It works in 512x512 but fails with 512x768 with this error in the vae_encoder step:
***** Compiling vae_encoder *****
...........
[GCA035] Instruction: I-5715-0 with opcode: TensorTensor couldn't be allocated in SB
Memory Location Accessed:
add.1_reload_7077_i0: 196608 Bytes per Partition and total of: 25165824 Bytes in SB
_add.1104-t7919_i0: 4 Bytes per Partition and total of: 512 Bytes in SB
add.6_i0: 2048 Bytes per Partition and total of: 262144 Bytes in SB
Total Accessed Bytes per partition by instruction: 198660
Total SB Partition Size: 196608
- Please open a support ticket at https://github.com/aws-neuron/aws-neuron-sdk/issues/new. You may also be able to obtain more information using the 'XLA_IR_DEBUG' and 'XLA_HLO_DEBUG' environment variables.
An error occured when trying to trace vae_encoder with the error message: neuronx-cc failed with 70.
The export is failed and vae_encoder neuron model won't be stored.
Do I need any other parameters or is it a bug that needs fixing? I’m running it on AWS inf2.2xlarge instance.
Somehow I managed to export some SD1.5 checkpoint to 512x768 a couple weeks ago but I’m unable to reproduce it now. Is that a possible regression in optimum-neuron or neuronx-cc?
@Jingya sorry to bother you directly, but you’re always so helpful
Any idea why compiling the model for any resolution other than 512x512 fails?
I have one Neuron model that I was able to compile for 512x768 a few weeks ago but I no longer have the setup and don’t remember the exact command, and now it always fails.
Is it something that can be fixed? Or am I doing something wrong?
I got this when compiling unequal height/width SD’s vae encoder with neuron SDK 2.19.1 on an inf2.8xlarge instance.
[NLA001] Unhandled exception with message: === BIR error ===
Reason: Access pattern out of bound.
Instruction: identity_pool_1_I-5532-441602-tc
Opcode: TensorCopy
Instruction Source: (float32<128 x 1027> $5532[i2_369_0_0, i2_369_0_1, i1_370_6433, i3_369_0_6433, i3_369_1_0_6433_0_0, i3_369_1_0_6433_0_1, i3_369_1_0_6433_1, i3_369_1_1_0_6433_0, i3_369_1_1_0_6433_1, i3_369_1_1_1_6433_0, i3_369_1_1_1_6433_1, i2_370_6433]:5532)0:
Argument AP:
Access Pattern: [[2051,64],[1,1],[1,1027]]
Offset: 1028
Memory Location: {add.11_VN_191_ReloadStore111619}@SB<0,175096>(128x8204)#Internal DebugInfo: <add.11||UNDEF||[128, 2051, 1]>
- Please open a support ticket at https://github.com/aws-neuron/aws-neuron-sdk/issues/new. You may also be able to obtain more information using the 'XLA_IR_DEBUG' and 'XLA_HLO_DEBUG' environment variables.
I will ask Annapurna folks.
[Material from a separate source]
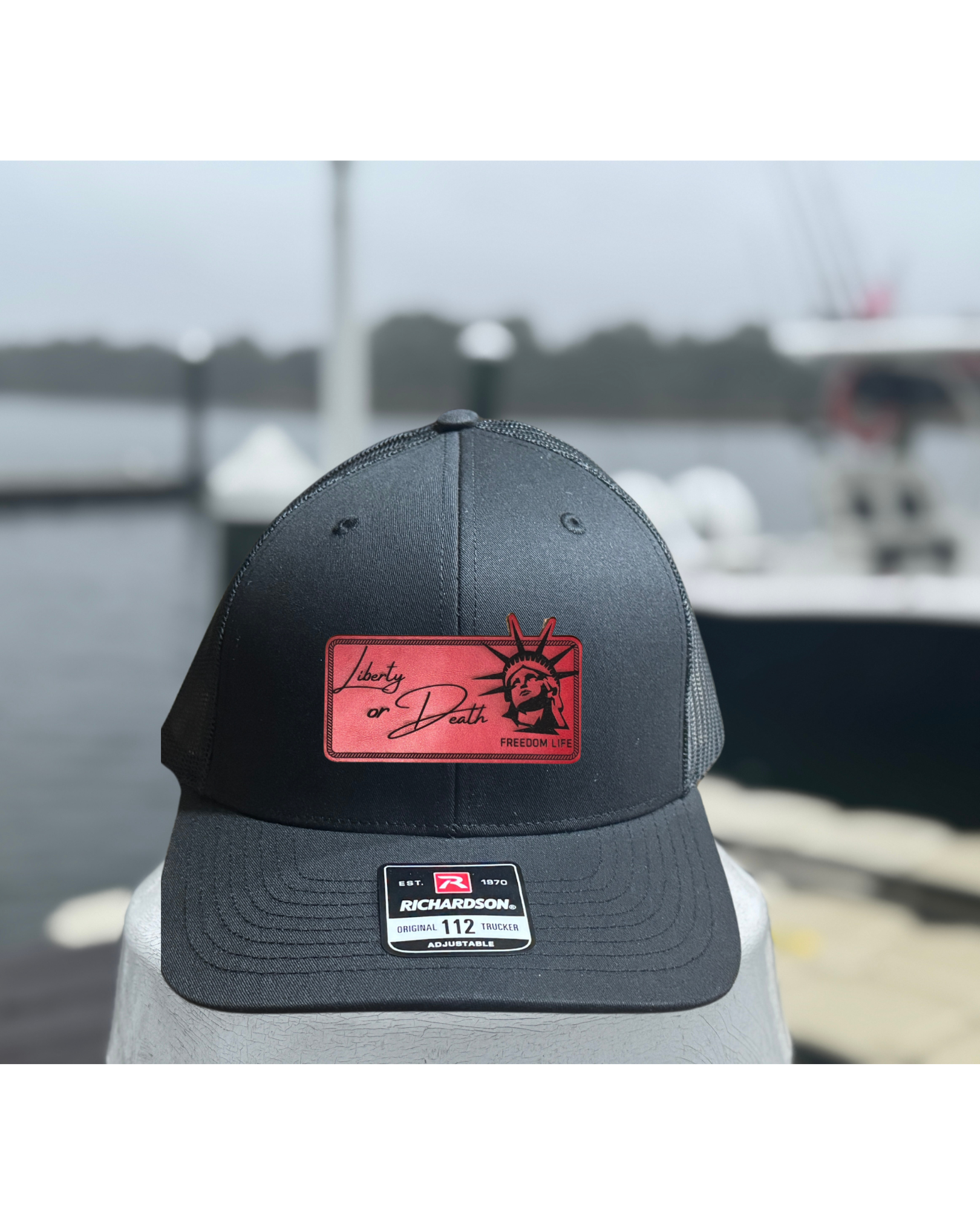 Crafted on a premium Richardson 112 trucker hat, this design is available with your choice of red or brown genuine leather patch, laser-etched for a sharp, long-lasting finish. Whether you’re on the water, at the range, or just repping your freedom lifestyle, this hat delivers all-day comfort, durability, and attitude.

And it will be super helpful if you can share the env where you succeeded in compiling it!
Hi @Jingya thanks for confirming the issue. Unfortunately I can’t find my old virtual env with the versions that worked. I think it was on my spot instance that’s now gone
No worries, I talked with the Annapurna team, they are working on a fix for the compiler regression. Thanks again for letting us know, I will add a unit test for unequal width/height once the patch is out.